YOUR GOAL
A verbatim reproduction of the lines below, from the line containing "Extended Discharge Height" through the line containing "Mosaic from Portugal's", both ends included, is the whole required output.

DATA EXCERPTS
------------------------

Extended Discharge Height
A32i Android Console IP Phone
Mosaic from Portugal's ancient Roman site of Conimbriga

------------------------

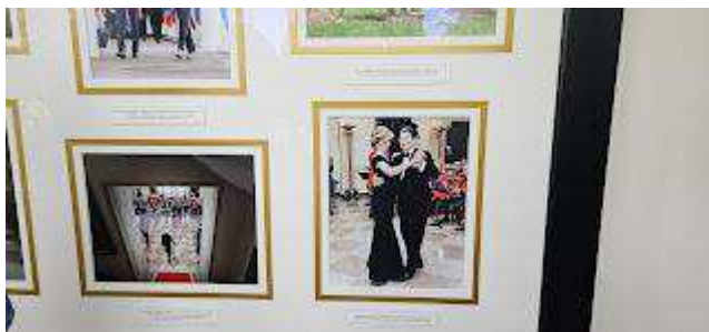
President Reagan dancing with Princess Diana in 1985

------------------------

SOLUTION TO THIS TASK
Extended Discharge Height
A32i Android Console IP Phone
Mosaic from Portugal's ancient Roman site of Conimbriga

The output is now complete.